Step 1: Personal Information
Name, address, Social Security number, and filing status. Filing status is the big lever here — it determines the tax tables your employer uses. The options:
- Single or Married filing separately — uses the higher single rate tables.
- Married filing jointly or Qualifying surviving spouse — uses lower married rates.
- Head of household — for unmarried filers supporting a dependent.
Step 2: Multiple Jobs or Spouse Works
Only fill out this section if you have more than one job, or if you're married filing jointly and your spouse also works. Otherwise skip it.
The problem this step solves: when each job withholds taxes independently, each one assumes it's your only income. The standard deduction gets applied twice, low brackets get used twice, and you end up under-withheld for the year. There are three ways to fix it:
- Option (a): Use the IRS Tax Withholding Estimator online — most accurate.
- Option (b): Use the Multiple Jobs Worksheet on page 3 of the W-4.

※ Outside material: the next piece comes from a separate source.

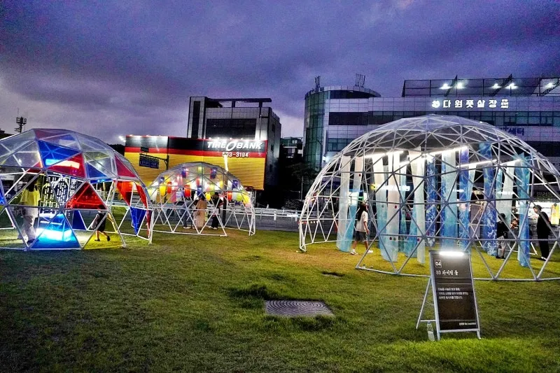 총 3개의 프레임돔으로 구성된 80 라이팅 돔은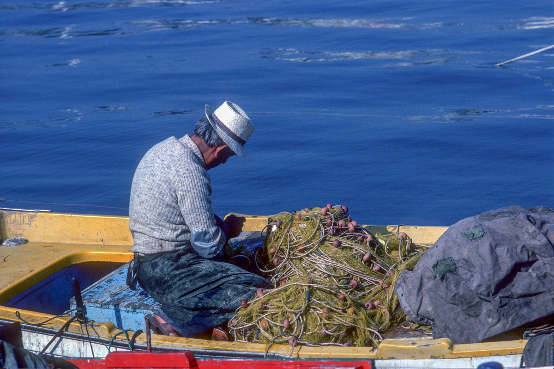 Ο ψαράς ασχολείται με τα δίχτυα του.

- Option (c): Just check the box in Step 2(c) if there are only two jobs and they pay roughly the same — quick and reasonably accurate.
Step 3: Claim Dependents
If you'll claim the Child Tax Credit or the Credit for Other Dependents, you can pre-credit those amounts here:
- $2,000 per qualifying child under 17
- $500 per other qualifying dependent
This shrinks your withholding on each paycheck instead of waiting for the refund at tax time. Only the higher earner in a couple should claim dependents — don't double-count.
Step 4: Other Adjustments (Optional)
Three sub-fields, all optional:
- 4(a) Other income: Side income, dividends, interest, freelance work — anything not subject to withholding that you want to pre-pay tax on.
- 4(b) Deductions: If you expect to itemize and your itemized deductions will exceed the standard deduction, enter the difference here.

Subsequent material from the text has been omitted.